Went on the Morning Star for a seabass trip on Black Friday. Weather was nice. Headed out for about 2.5 hours. Outstanding fishing. Jigs worked great and I had my limit of 25 on the first spot. Boat only moved once the whole day. If they had not changed the size limits to 12.5 inches and kept it at 12", I would have easily caught 2 limits worth of fish. Anyone who fished hard could have had a limit.


----------



## Ryan Y (Dec 1, 2005)

Funny how those things are considered nearly extinct down here South of Cape Hatteras. NOAA believes there a totally different species of Black Sea Bass South of Diamond Shoals. This year, we were only allowed to keep five up until October.

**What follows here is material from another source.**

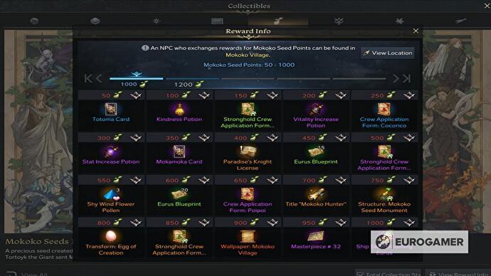 Mokoko Seeds 50개를 수집할 때마다 보상을 잠금 해제합니다. 다양한 물약, 카드, 선원, 의상, 심지어 Lost Ark에서 가장 빠른 선박 중 하나까지 손에 넣을 수 있습니다.

Then they closed them. 
I wish I knew what these five pound big black sea bass things are that we catch hundreds of a day are.


----------



## RuddeDogg (Mar 20, 2004)

Nice.


----------



## MetroMan (Mar 7, 2009)

Nice going!!! Monty is always dialed in on the sea bass. My highest # was 17 I think. Way to go on the limit


----------



## Talapia (Apr 27, 2003)

Seabass fishing is really good right now. Now is the time to get out if you want some.


----------



## Ryan Y (Dec 1, 2005)

I had to go Tuag fishing yesterday. Since the SeaBass are still non-existant down here. I only caught about 120 of them five pounds a piece...Was catching them 3 at a time.

Only got two taugs. Bait couldn't get to the bottom quick enough.


----------



## boomer (Jul 1, 2009)

They are so non existant, that in Oct,2011, we were catching black sea bass in Lockwood Folly Inlet. All were about 8 inches long and we could not keep bait in the water because of them. I guess we were lucky to catch such a rare fish ,according to the wisdom of NOAA.


----------



## Ryan Y (Dec 1, 2005)

Yea, Kyle and I went through five pounds of squid the other day looking for taug. We were catching SeaBass two at a time on every drop. Im actaully starting to think they are taking over the ledges, not allowing anything else to eat.


----------